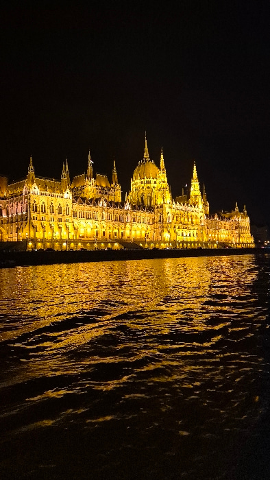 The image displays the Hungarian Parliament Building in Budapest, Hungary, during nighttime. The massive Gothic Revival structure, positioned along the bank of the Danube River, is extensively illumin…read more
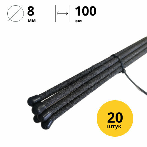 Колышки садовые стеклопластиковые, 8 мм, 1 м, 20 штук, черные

==

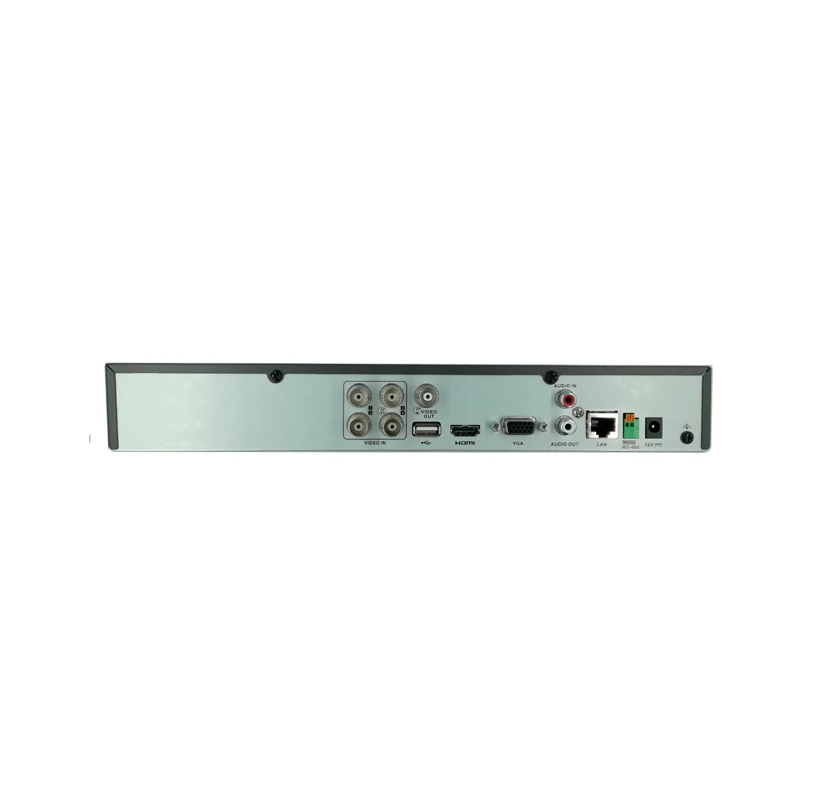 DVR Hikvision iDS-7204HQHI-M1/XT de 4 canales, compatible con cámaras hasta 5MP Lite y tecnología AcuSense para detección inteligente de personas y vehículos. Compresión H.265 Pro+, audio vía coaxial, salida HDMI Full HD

*EXERCISE REQUIREMENTS*: Please print the lines above word for word, starting at the one with "The image displays" and ending at the one with "Колышки садовые стеклопластиковые, 8", both included, and without any picture.

*YOUR RESPONSE*:
 The image displays the Hungarian Parliament Building in Budapest, Hungary, during nighttime. The massive Gothic Revival structure, positioned along the bank of the Danube River, is extensively illumin…read more
 Колышки садовые стеклопластиковые, 8 мм, 1 м, 20 штук, черные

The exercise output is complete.